Streaming replication-based remote DR solution:

The network latency within the primary or DR database instance must be less than or equal to 10 ms, and the network latency between the primary and standby database instances must be less than or equal to 100 ms. The DR can run normally within the range of the required network latency. Otherwise, the primary and standby nodes will be disconnected.
The following table lists the log generation speeds in the primary database instance supported by different hardware specifications when the network bandwidth is not a bottleneck and the parallel playback function is enabled in the DR database instance. The RPO and RTO can be ensured only under the log generation speed.
Table 1 Log generation speed supported by different hardware specifications
Typical Configuration
Log Generation Speed of the Primary Database Instance
96U/768G/SATA SSD
<=10MB/s
128U/2T/NVMe SSD
<=40MB/s
- A certain amount of data can be lost when the DR database instance is promoted to primary, and the RPO is less than or equal to 10 seconds.
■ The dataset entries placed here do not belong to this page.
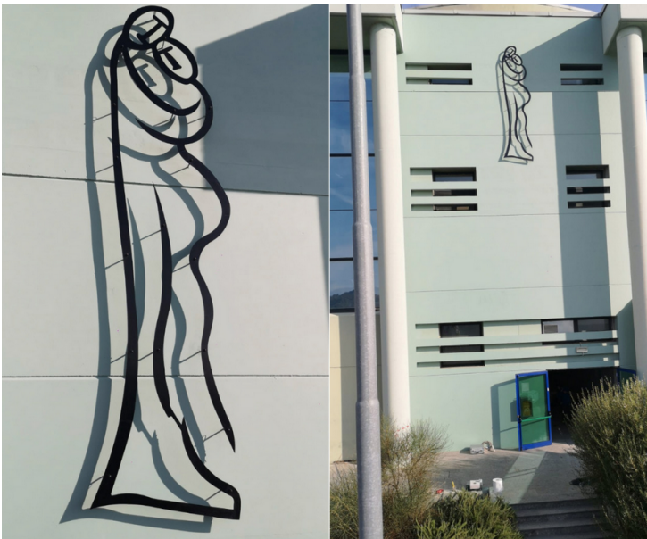
Alejandro Marmo, Abbraccio

Il 15 dicembre 2021 il Contemporary Sculpture Garden dell'Università di Teramo, curato dalla prof.ssa Raffaella Morselli, delegata del Rettore alla Cultura, inaugura uno spazio web dedicato allo scultore Alejandro Marmo (Buenos Aires, 1971) e alla sua opera L'abbraccio. L'evento rientra nel programma VRSCIT e nell'ambito della Settimana del Contemporaneo. Il nuovo spazio web mette a disposizione del pubblico un profilo dello scultore, una video-intervista inedita, una scheda completa dell'opera e una video-presentazione sul tema dell'abbraccio, realizzati da quattordici studenti del corso di Comunicazione Museale, tenuto presso la Facoltà di Scienze della Comunicazione, CdS in Scienze della Comunicazione e CdS in DAMS.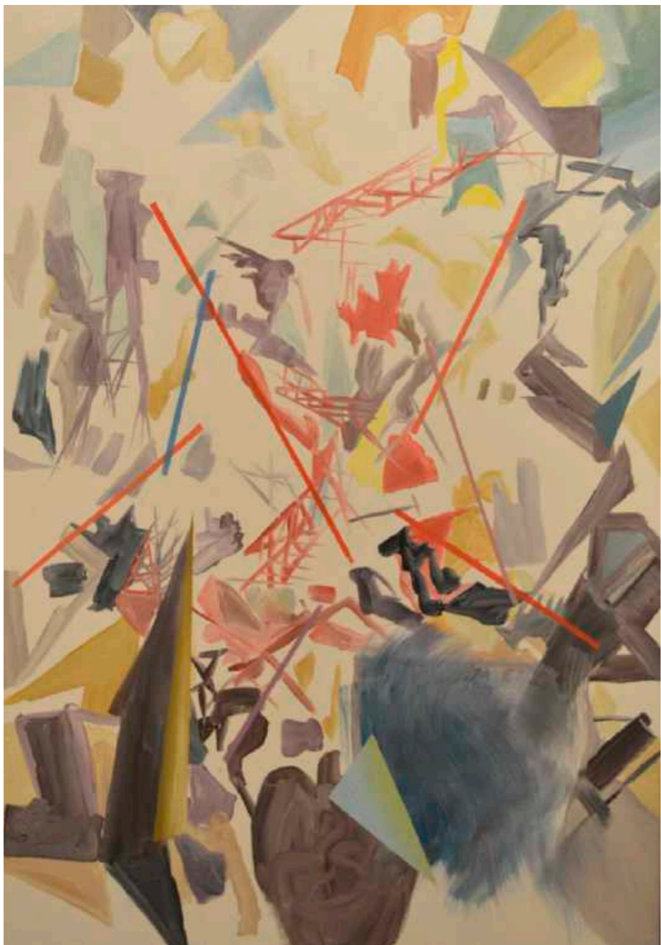
Paris. Óleo sobre papel marufado. 70 x 50 cm. Año 2018.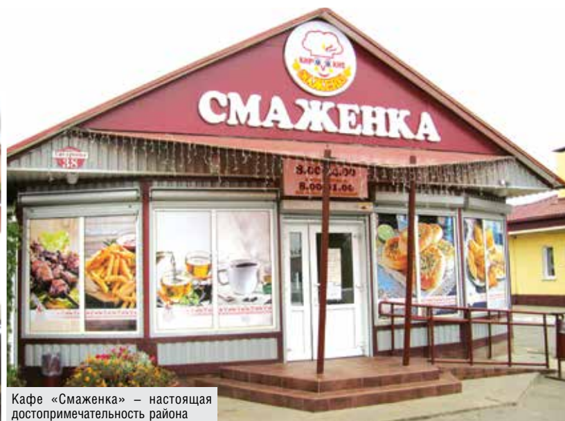
Кафе «Смаженка» – настоящая достопримечательность района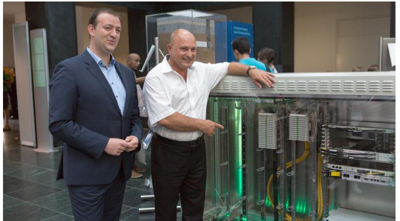
Staatssekretär Bomba besucht den Stand des BBB am Tag der offenen Tür 2016

Die Bundesregierung hat am 27. und 28. August alle Bürgerinnen und Bürger dazu eingeladen, hinter die Kulissen der politischen Institutionen zu schauen. Im Bundesministerium für Verkehr und digitale Infrastruktur (BMVI) waren über 50 Aussteller vertreten, darunter auch das Breitbandbüro des Bundes (BBB). Die Besucher konnten sich am Stand über die Breitbandförderung und die technische Umsetzung des Ausbaus in Deutschland informieren – im persönlichen Gespräch sowie über umfangreiches Infomaterial und anschauliche Exponate, wie einen transparenten Kabelverzweiger.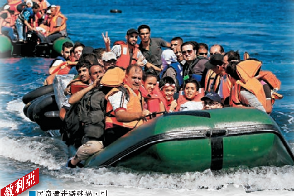
敘利亞 民眾遠走避戰禍，引發難民危機。資料圖片

突尼斯的反民主運動，源於小販布瓦吉吉不滿遭警察驅趕而自焚抗議，觸發民眾怒火，示威愈演愈烈，將統治者本·阿里推走。民選政府上台後推動民主，由各派組成的「突尼斯全國對話大會」協助國家過渡民主政制，去年更獲頒諾貝爾和平獎。然而，突尼斯近年聖戰暴力頻生，外國遊客成為襲擊對象，令民主發展蒙上陰影。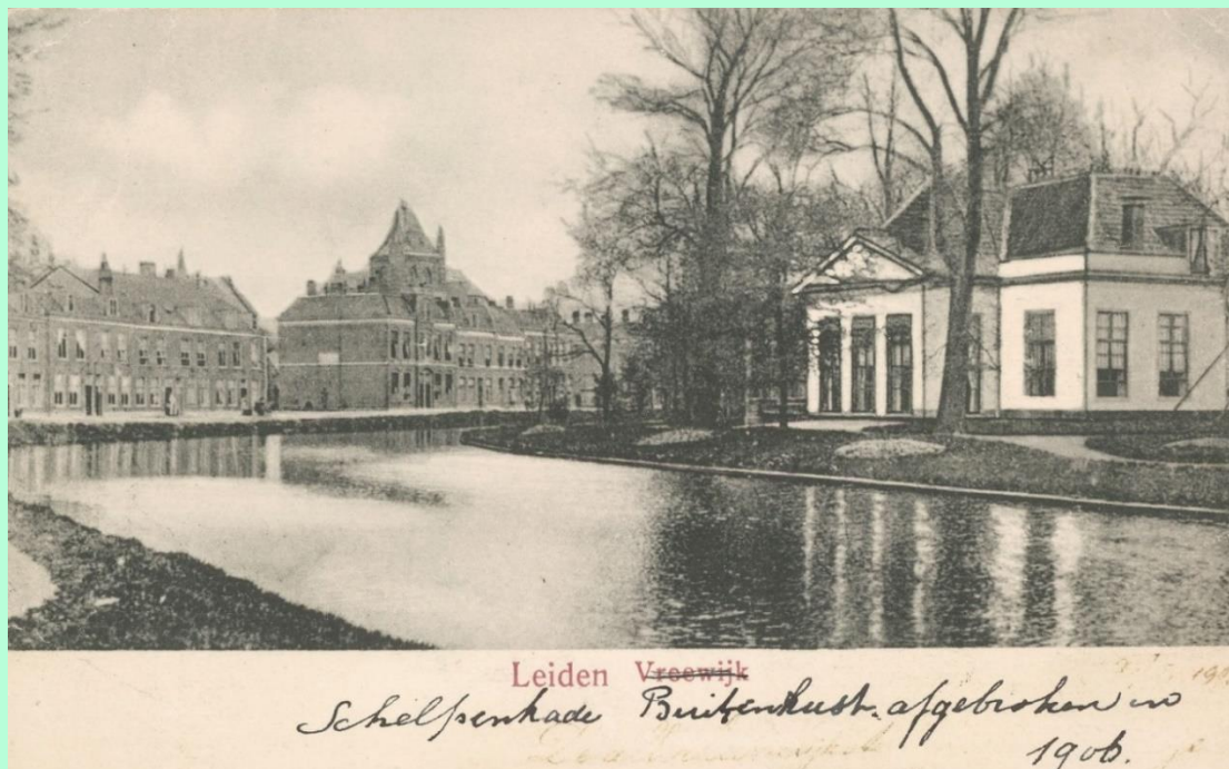
Het buitenhuis bij de Schelpenkade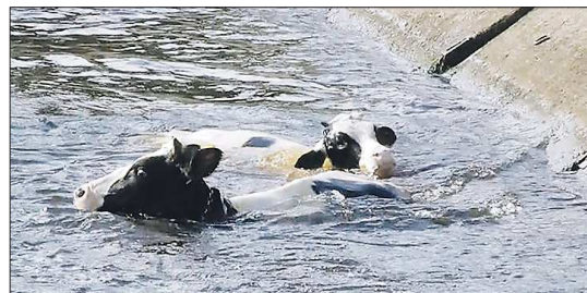
Как две коровы забрели в городской пруд, оказавшись в опасной близости от глубокой канавы, неизвестно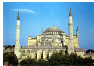
B.2.E.24.ΑΓΙΑ ΣΟΦΙΑ 532-537 μ.Χ

θεματολογία της διακόσμησης περιλαμβάνει θρησκευτικά σύμβολα και θέματα από την Αγία Γραφή, ενώ σπανιότερα απεικονίζονται μυθολογικά αλληγορικά θέματα. Το ψηφιδωτό με την απλοποίηση του σχεδίου ανταποκρίνεται στην υπερβατικότητα της Βυζαντινής τέχνης δηλαδή το ξεπέραςμα του αισθητού κόσμου και την ανύψωση προς το Θείο.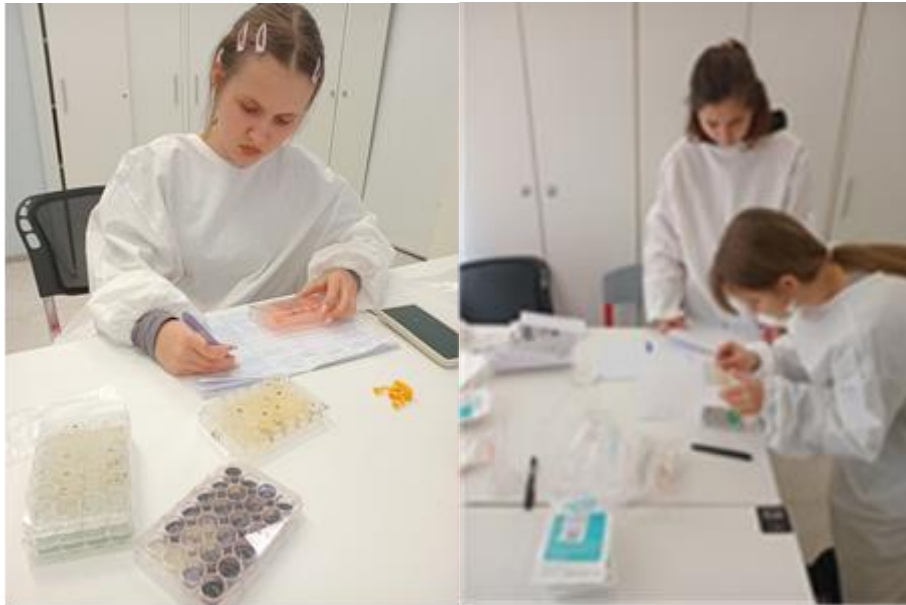
Работа в лаборатории по теме исследования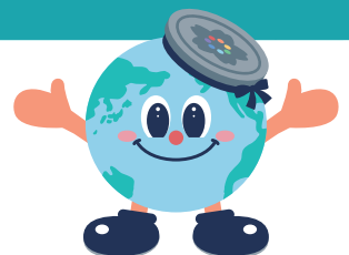
東京都下水道局 マスコットキャラクター 「アースくん」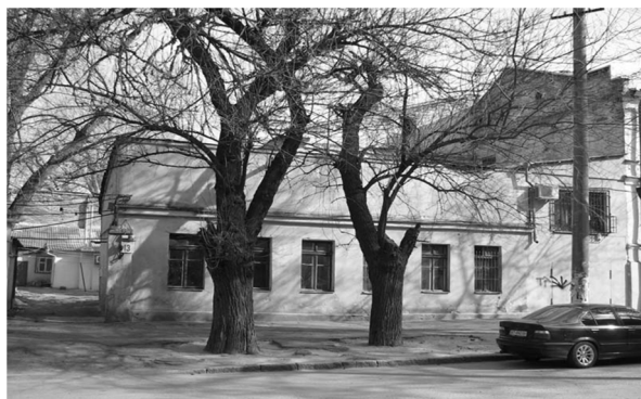
Рис.5 Вторая мужская гимназия. 1874 г.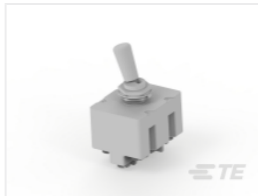
TE 产品编号K1002956 Toggle Switch 08-4-1-13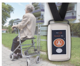
Radio transmitter for emergency call system for patients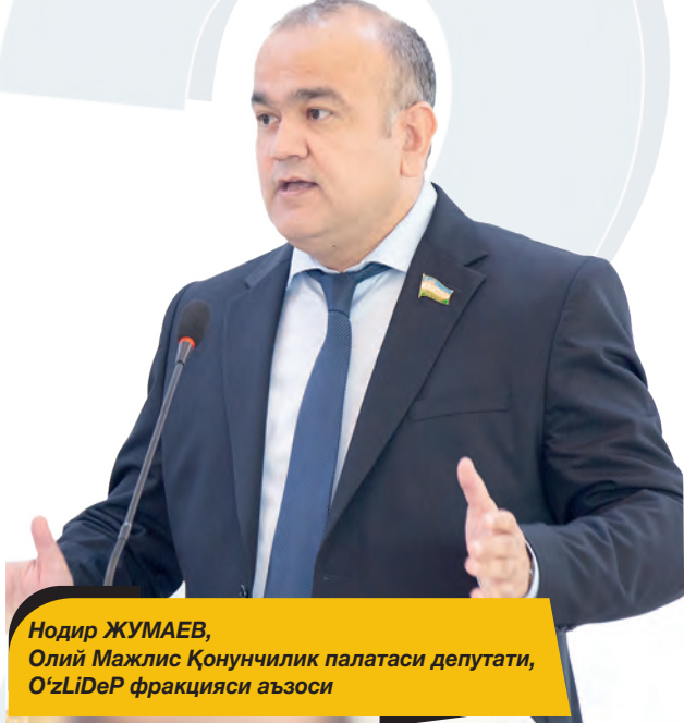
Нодир ЖУМАЕВ, Олий Мажлис Қонунчилик палатаси депутаты, O'zLiDeP фракцияси аъзоси

каси Президенти лавозимига 5 маротаба номзод кўрсатилган бўлса, барча сайловларда мутлақ кўпчилик овоз билан ғалаба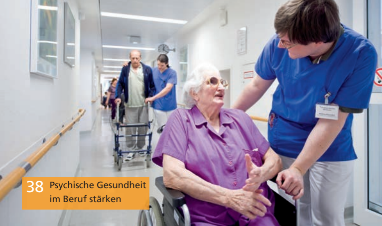
38 Psychische Gesundheit im Beruf stärken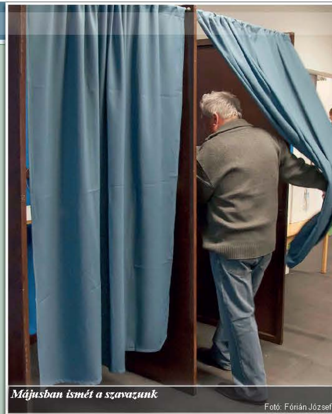
Májusban ismét a szavazunk

A tájékoztatóban megadott határidők nem csak a kérelmek benyújtására, hanem a már korábban előterjesztett igények módosítására és visszavonására is vonatkoznak (kivéve: az EU más tagállamának – magyarországi lakó-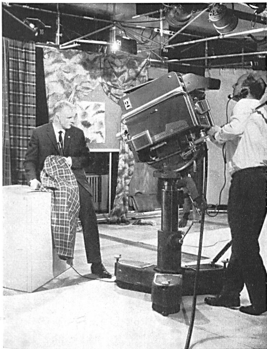
Prise d'un gros plan pour la retransmission par «Eidophore» Shooting a close-up for the «Eidophore» transmission Toma de un primer plano para ser retransmitido por el «Eidoforo» Nahaufnahme für «Eidophor»-Wiedergabe

The highlight of this year's event was the use of colour television on a big screen for part of the parade, with direct retransmission by means of the famous «Eidophore» apparatus. The Ciba chemical products factory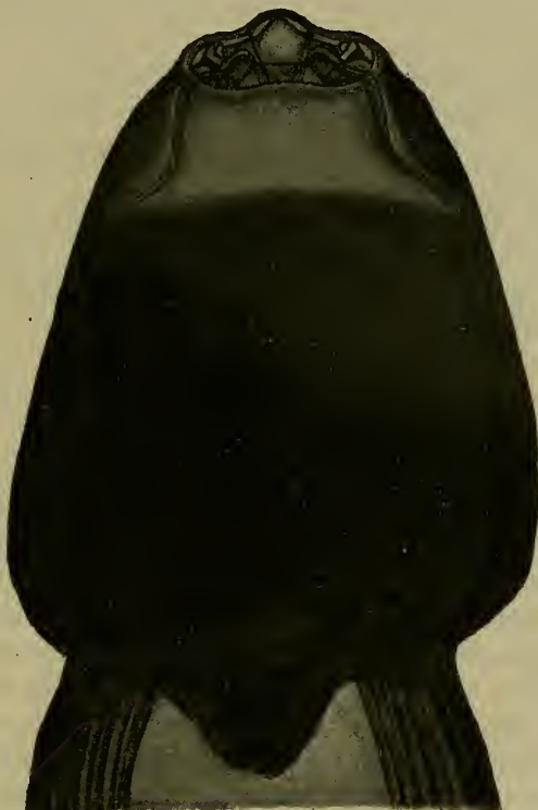
Fig. 1. Cephalothorax des Weibchens von Xenos Bohlsi n. sp. Vergrößerung 40 fach.

Größe des gesamten Tieres etwa 1,2 mm, Längendurchmesser des Cephalothorax 1,94 mm; größter Querdurchmesser 1,62 mm. Der Abstand beider Cephalothoracalstigmen, von einem äußeren Rand zum andern gerechnet, beträgt eine Idee weniger als die größte Breite des Kopfbruststückes. Größe der Brutkanalöffnung 0,46 mm. Seine Entfernung vom apicalen Pol 0,18 mm. Anzahl der Brutschläuche vier. Ventralwärts ist der größere Teil des Cephalothorax schwarz gefärbt, in der Längsachse steigt die Schwarzfärbung bis etwas über die hintere Grenze des dritten Drittels. Der übrige Teil der Ventralfläche ist, bis auf die Seitenränder, die ebenfalls schwarz sind, hellbraun gefärbt, ebenso die dorsale Seite. Der Cephalothorax ist ein sehr dünnes, dorsal stark ausgehöhltes Gebilde. Über die Konfiguration des vorderen Teiles gibt die Figur am besten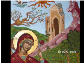
Ακούστε το «Άξιον Έστί»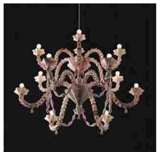
REZZONICO - DESIGN: RAFFAELLO GALOTTO - COMPANY: INTERMAC

Alcune opere che dimostrano la versatilità della pietra e del marmo sapientemente lavorati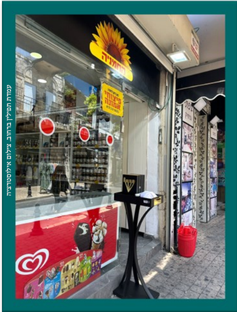
עמדת תפילין ברחוב צילום אילוסטריציה

סיפור מצמרר על קשר תפילין « קשר של-קיימא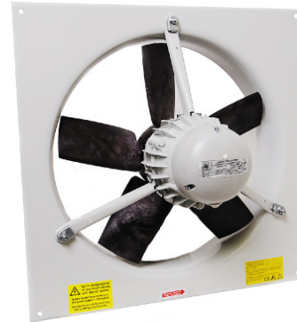
Abb. SW 404 TK

Antriebsmotor mit völlig geschlossenem Gehäuse IP55, Strahlwasser- und staubgeschützt. Speziell entwickeltes Laufrad für große Volumen-Leistung bei geringem Stromverbrauch. Schutz durch eingebaute Thermokontakte. Ausgezeichnete Regeleigenschaften.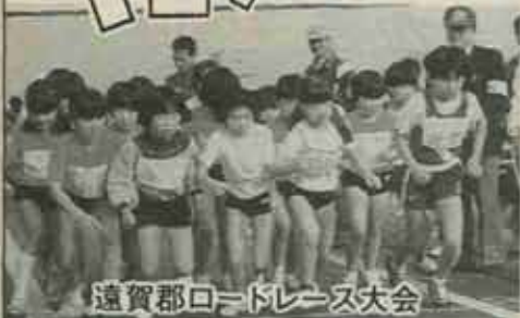
遠賀郡ロードレース大会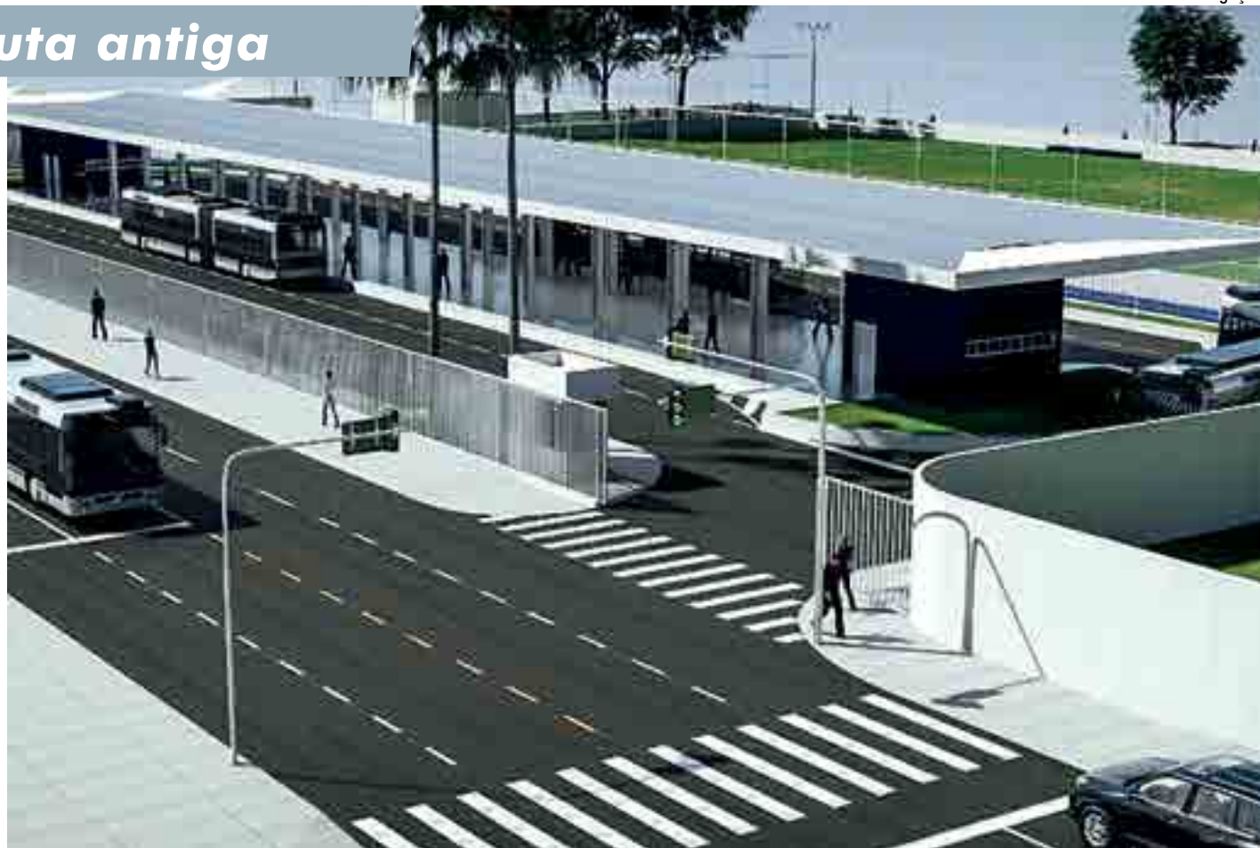
Moradores reivindicavam obra há mais de um ano, mas Prefeitura de João Pessoa alegava não ter dinheiro. Vereadores garantiram recursos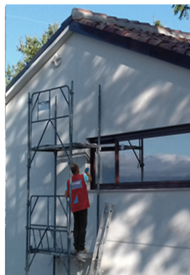
Casa Mezzopera Fabriano (AN), 2019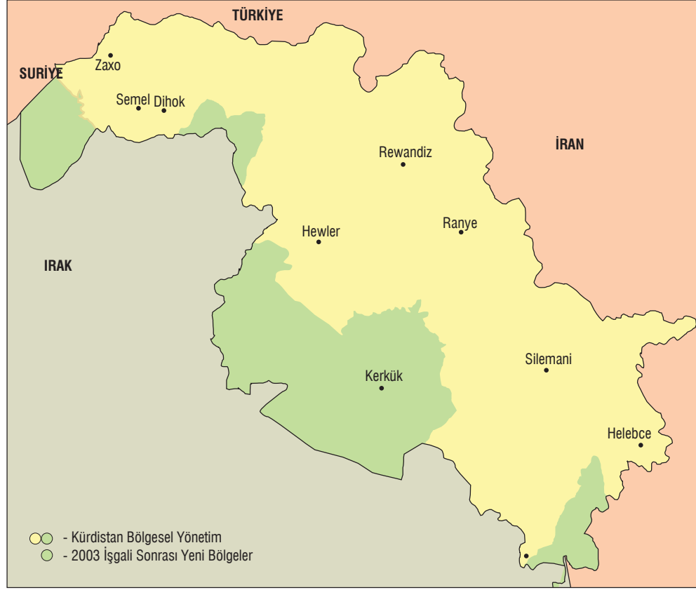
Harita 7: 2003 İşgalinin Ardından Kürdistan Bölgesel Yönetimi

Kürt Bölgesi'ne mi yoksa Irak'a mı dahil olacağı sorununa ise anayasanın 140. Maddesinde yer verilmiş ve en geç 2007 yılının sonuna kadar söz konusu yerlerde yapılacak referandumla buraların çözüme kavuşturulması hedeflenmiştir (Galbraith, 2007: 153-159).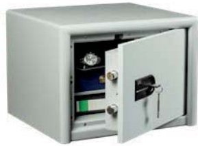
CL 20 S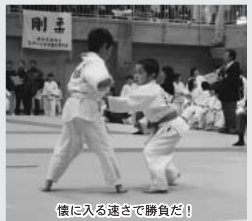
懐に入る速さで勝負だ!

たい!」と、練習の成果が発揮できたことに感激していました。大会に出場した貴重な経験は、小さな柔たちに大きな勇気と自信を与えたようでした。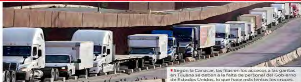
Según la Canacar, las filas en los accesos a las garitas en Tijuana se deben a la falta de personal del Gobierno de Estados Unidos, lo que hace más lentos los cruces.

Quieren a 10 mil militares en franja con México

When the DR database instance is normal, the RTO for promoting the DR database instance to primary is less than or equal to 10 minutes. When the DR database instance is degraded, the RTO for promoting the DR database instance to primary is within 20 minutes.
- Practice: Planned primary/standby database instance switchover, no data loss, RPO = 0, RTO ≤ 20 minutes (including the processes of demoting the primary database instance to the DR instance and promoting the DR database instance to the primary database instance)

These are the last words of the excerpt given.